━━ Provided records ━━

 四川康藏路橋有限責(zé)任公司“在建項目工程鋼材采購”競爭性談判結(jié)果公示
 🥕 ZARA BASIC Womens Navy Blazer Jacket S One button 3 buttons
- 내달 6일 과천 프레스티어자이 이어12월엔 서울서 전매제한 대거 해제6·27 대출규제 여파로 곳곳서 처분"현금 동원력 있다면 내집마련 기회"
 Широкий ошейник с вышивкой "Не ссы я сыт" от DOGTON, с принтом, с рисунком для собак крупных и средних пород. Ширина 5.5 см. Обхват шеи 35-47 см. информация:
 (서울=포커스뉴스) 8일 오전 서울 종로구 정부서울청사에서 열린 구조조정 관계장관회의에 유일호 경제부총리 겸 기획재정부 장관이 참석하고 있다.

━━━
━━ Provided records ━━

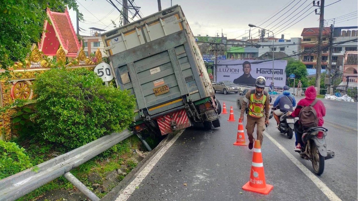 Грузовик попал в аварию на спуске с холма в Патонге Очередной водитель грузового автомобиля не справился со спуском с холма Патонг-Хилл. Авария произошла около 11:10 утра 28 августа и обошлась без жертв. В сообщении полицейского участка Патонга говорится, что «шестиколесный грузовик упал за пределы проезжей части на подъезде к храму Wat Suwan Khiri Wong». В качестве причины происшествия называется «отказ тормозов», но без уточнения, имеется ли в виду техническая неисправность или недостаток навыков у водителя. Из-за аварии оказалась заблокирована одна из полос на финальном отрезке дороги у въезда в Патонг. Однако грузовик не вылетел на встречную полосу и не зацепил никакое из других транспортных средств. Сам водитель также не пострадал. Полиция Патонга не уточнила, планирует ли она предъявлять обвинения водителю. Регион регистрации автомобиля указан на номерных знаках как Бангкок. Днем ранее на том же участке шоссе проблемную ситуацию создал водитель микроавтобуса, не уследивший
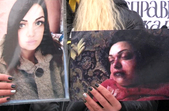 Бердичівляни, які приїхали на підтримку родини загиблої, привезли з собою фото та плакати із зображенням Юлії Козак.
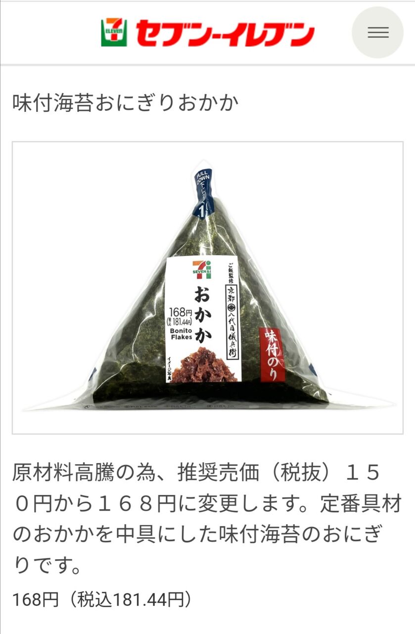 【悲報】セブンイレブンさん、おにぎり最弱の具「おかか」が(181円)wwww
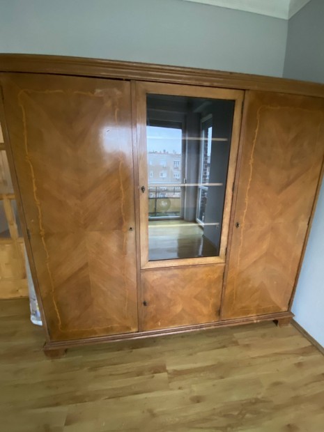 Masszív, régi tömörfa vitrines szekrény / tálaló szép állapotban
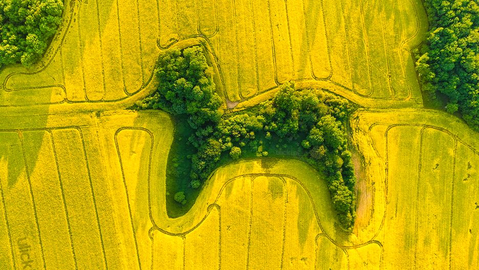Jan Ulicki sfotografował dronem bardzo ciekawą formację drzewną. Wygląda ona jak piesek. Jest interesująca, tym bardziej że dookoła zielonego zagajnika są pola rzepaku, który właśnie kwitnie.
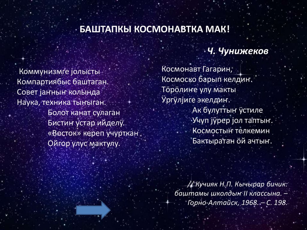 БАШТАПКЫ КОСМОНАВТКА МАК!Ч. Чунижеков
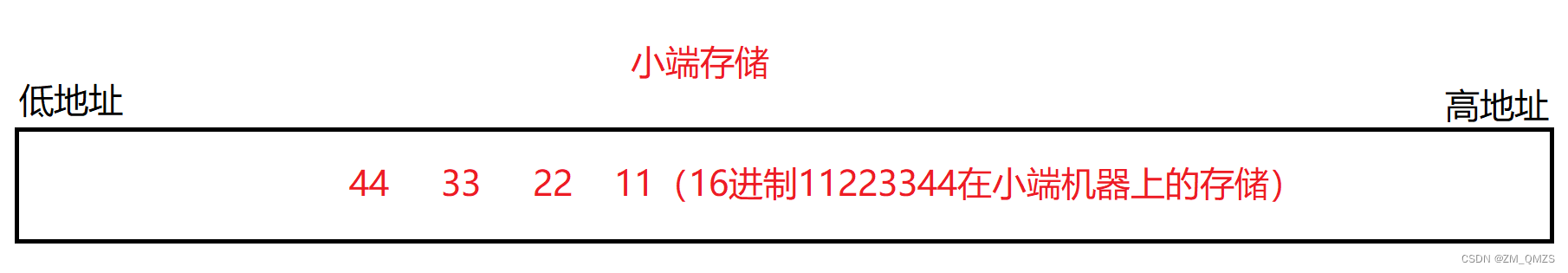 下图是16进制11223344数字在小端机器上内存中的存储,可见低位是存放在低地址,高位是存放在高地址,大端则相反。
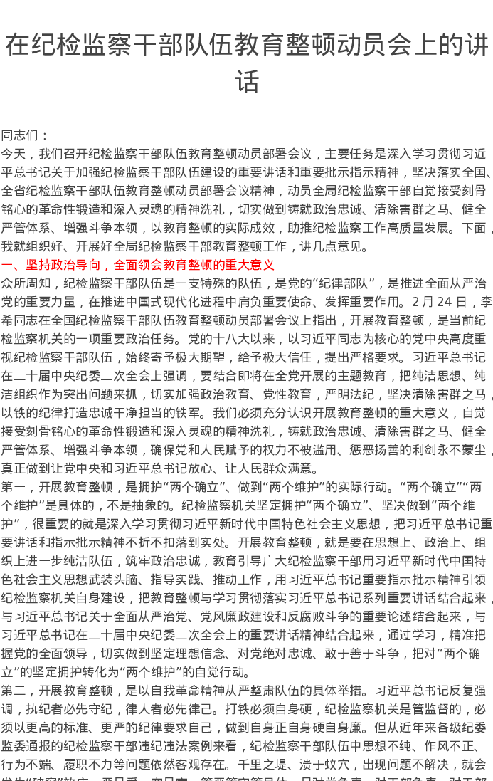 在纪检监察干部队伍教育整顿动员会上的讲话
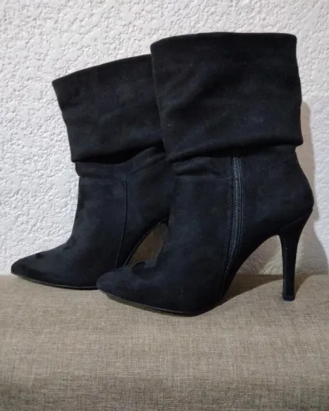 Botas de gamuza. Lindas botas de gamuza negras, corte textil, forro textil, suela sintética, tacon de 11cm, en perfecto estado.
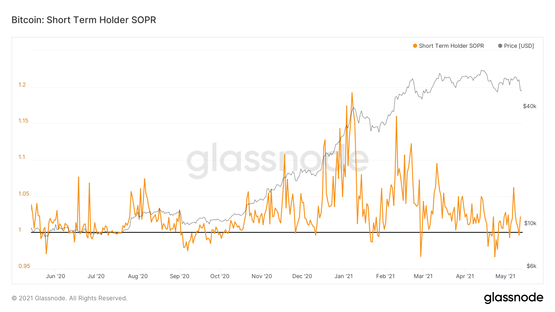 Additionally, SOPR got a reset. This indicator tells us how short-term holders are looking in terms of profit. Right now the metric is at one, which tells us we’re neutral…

━━━

* Work instructions
Respond with the exact lines above running from the one containing "Jan Ulicki sfotografował" to the one containing "Additionally, SOPR got", both ends kept and no pictures included.

* Written answer
Jan Ulicki sfotografował dronem bardzo ciekawą formację drzewną. Wygląda ona jak piesek. Jest interesująca, tym bardziej że dookoła zielonego zagajnika są pola rzepaku, który właśnie kwitnie.
 БАШТАПКЫ КОСМОНАВТКА МАК!Ч. Чунижеков
 下图是16进制11223344数字在小端机器上内存中的存储,可见低位是存放在低地址,高位是存放在高地址,大端则相反。
 在纪检监察干部队伍教育整顿动员会上的讲话
 Botas de gamuza. Lindas botas de gamuza negras, corte textil, forro textil, suela sintética, tacon de 11cm, en perfecto estado.
 Additionally, SOPR got a reset. This indicator tells us how short-term holders are looking in terms of profit. Right now the metric is at one, which tells us we’re neutral…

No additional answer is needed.